# [WORK INSTRUCTIONS]
Reproduce every record exactly as it appears, but not the pictures.

ENTRIES PROVIDED Block Start

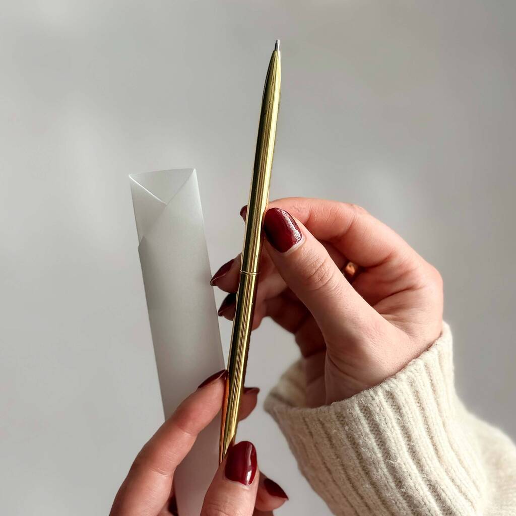 - Pen: Black ballpoint pen with slim gold metal barrel.
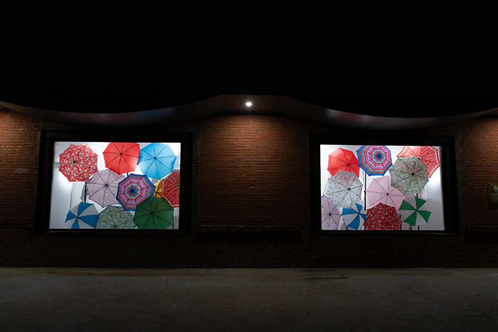 以上两个常规展览外,此次开幕也是重美术馆特别策划橱窗项目“早C晚A”正式开启。项目由季钰程、缪子衿发起,位于重美术馆户外橱窗,意在打造“不打烊”的24小时公共展示空间。第一期展览持续至10月28日,展出艺术家辛云鹏的装置作品。在如同双眼的两扇矩形橱窗内,艺术家挪用现成品的功能并以程序作用于闪光灯,带来自然而随机的变化;借助五颜六色的花伞向外投射光芒,造成对视者眼花缭乱的视觉逼迫。在这个昼夜不停的户外橱窗展示空间里,经过的人都会被迫接受这种“注视”,形成展览观看空间的延伸。
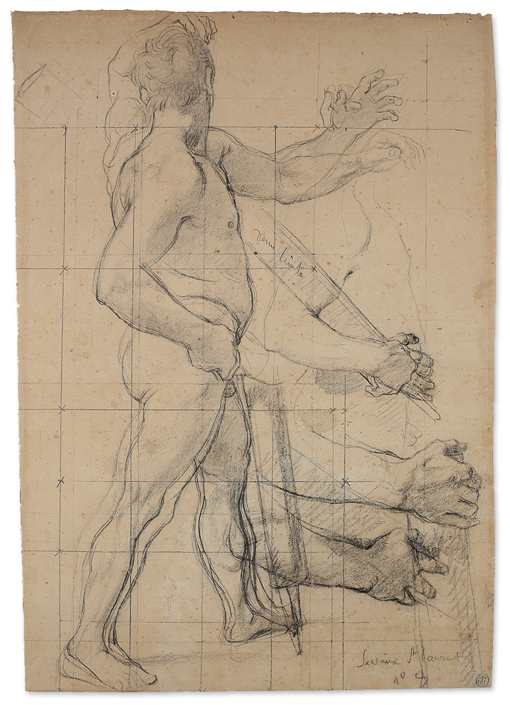 Jean-August-Dominique Ingres (Montauban 1780–1867 Paris): Studies for the Figure of a Lictor, black chalk, squaring in pencil, on vergé paper, 56.5 x 39.4 cm. Acquired in 1944, WRM 1944/13
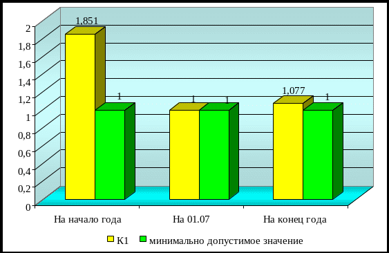 Рисунок 2. Коэффициент текущей ликвидности, К1
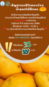 พาณิชย์จังหวัดภูเก็ตขอเชิญซื้อมะม่วงน้ำดอกไม้สีทอง

ENTRIES PROVIDED Block End

# [OUTPUT FOR THIS TASK]
 - Pen: Black ballpoint pen with slim gold metal barrel.
 以上两个常规展览外,此次开幕也是重美术馆特别策划橱窗项目“早C晚A”正式开启。项目由季钰程、缪子衿发起,位于重美术馆户外橱窗,意在打造“不打烊”的24小时公共展示空间。第一期展览持续至10月28日,展出艺术家辛云鹏的装置作品。在如同双眼的两扇矩形橱窗内,艺术家挪用现成品的功能并以程序作用于闪光灯,带来自然而随机的变化;借助五颜六色的花伞向外投射光芒,造成对视者眼花缭乱的视觉逼迫。在这个昼夜不停的户外橱窗展示空间里,经过的人都会被迫接受这种“注视”,形成展览观看空间的延伸。
 Jean-August-Dominique Ingres (Montauban 1780–1867 Paris): Studies for the Figure of a Lictor, black chalk, squaring in pencil, on vergé paper, 56.5 x 39.4 cm. Acquired in 1944, WRM 1944/13
 Рисунок 2. Коэффициент текущей ликвидности, К1
 พาณิชย์จังหวัดภูเก็ตขอเชิญซื้อมะม่วงน้ำดอกไม้สีทอง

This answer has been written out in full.